In a non-crossing drawing of a Steiner quadruple system using quadrilaterals in 3d, every plane contains at most four vertices.

Proof

Suppose that there is a drawing R and a plane \(\varPi \) that contains at least five vertices. Let ab be a maximum length edge of the convex hull of the points in the plane \(\varPi \). No four, say wxyz in that order, can be collinear or the quadrilateral containing wyz is either wxyz, which is degenerate (a line segment), or it contains x on its perimeter but x is not a corner, a contradiction. Thus the set S of vertices on \(\varPi \) that are not on the edge ab has size at least two. If there exist \(u,v \in S\) such that abu and abv formFootnote 3 two distinct quadrilaterals with ab then these quadrilaterals intersect in the plane (they are both on the same side of ab), a contradiction. If no such pair exists then S contains exactly two points and they form one quadrilateral with ab, which must contain the other vertex in \(\varPi \) (on the edge ab) that is not a corner, a contradiction.   \(\square \)

Observation 1 is the starting point for the following result.

Proposition 3

(\(\spadesuit \)). The Steiner quadruple system S(3, 4, 8) does not admit a non-crossing drawing using (convex or non-convex) quadrilaterals in 3d.

Theorem 6

No Steiner quadruple system admits a non-crossing drawing using convex quadrilaterals in 3d.

Proof

Day and Edelsbrunner [9, Lemma 2.3] used an approach similiar to that of Carmesin (mentioned in footnote 2) to show that the number of triangles spanned by n points in 3d is less than \(n^2\) if no two triangles have a non-trivial intersection. (A trivial intersection is a common point or edge.) We need to redo their proof taking lower-order terms into account. If a Steiner quadruple system S(3, 4, n) can be drawn using quadrilaterals in 3d, the intersection of these quadrilaterals with a small sphere around a vertex is a planar graph. Recall that any S(3, 4, n) has n vertices and \(m=\left( {\begin{array}{c}n\\ 3\end{array}}\right) /4\) quadruples. Let v be any vertex. Then v is incident to \(4m/n=(n-1)(n-2)/6\) quadrilaterals. Breaking these (convex) quadrilaterals into \((n-1)(n-2)/3\) triangles yields a graph on \(n-1\) vertices (that is, on all but v) with \((n-1)(n-2)/3\) edges. For \(n>9\), this graph cannot be planar. The only Steiner quadruple system with at most nine vertices is S(3, 4, 8), hence Proposition 3 yields our claim.   \(\square \)

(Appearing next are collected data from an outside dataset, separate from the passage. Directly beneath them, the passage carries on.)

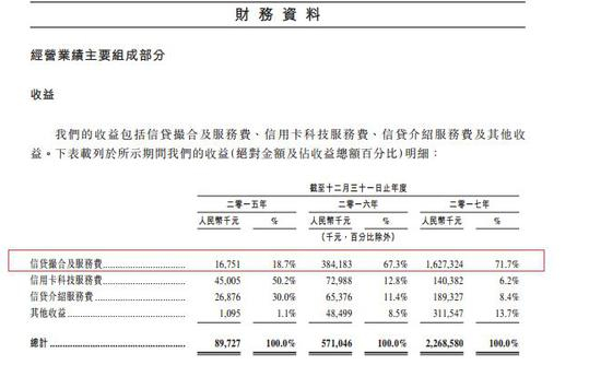 招股书披露,51信用卡2015年、2016年、2017年的收益总额依次约为8973万元、5.71亿元、22.69亿元,复合年增长率高达402.9%.就营收而言,2017年与2015年相比增加24.2倍。其大部分收益来源于51信用卡的第三项主营业务——线上信贷撮合及投资服务。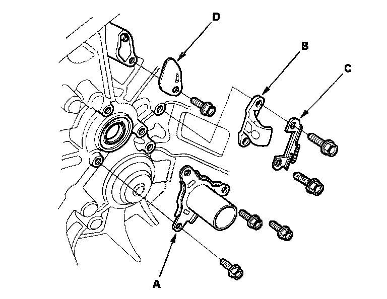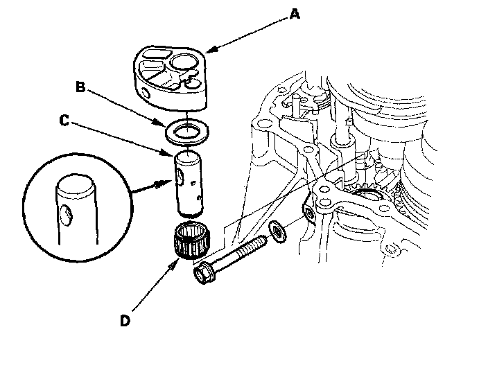 17. Remove the 8 mm flange bolt and washer, then remove the reverse shaft holder (A), the thrust washer (B), the reverse gear shaft (C), and the needle bearing (D).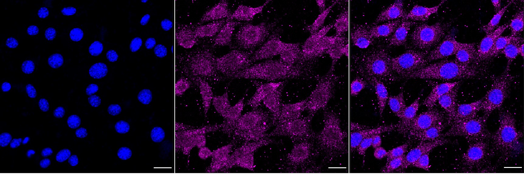 Immunocytochemical staining of C2C12 cells with Transmembrane protein 43 antibody. Nuclei were stained blue with DAPI; Transmembrane protein 43 was stained magenta with Alexa Fluor? 647. Images were taken using Leica stellaris 5. Protein abundance based on laser Intensity and smart gain: Medium. Scale bar, 20 μm.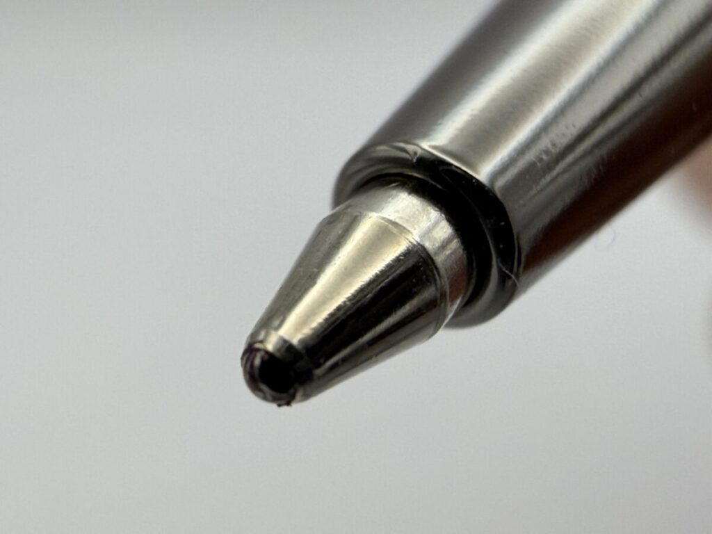 写真は今回紹介する三角軸ボールペンではなく、ノック式ボールペンの軸をアップで撮影したものです。

4 Conclusion and Open Problems

In Sect. 3 we discussed the Fano plane and other Steiner systems. The Fano plane is the smallest projective plane. Can the second smallest projective plane, PG(3), which is the Steiner quadruple system S(2, 4, 13), be drawn in 3d, such that each edge is a (convex) quadrilateral? To this end, we make the following observation (proved in the full version): If there is a drawing of PG(3) in which every edge is a convex quadrilateral, then no two quadrilaterals are coplanar.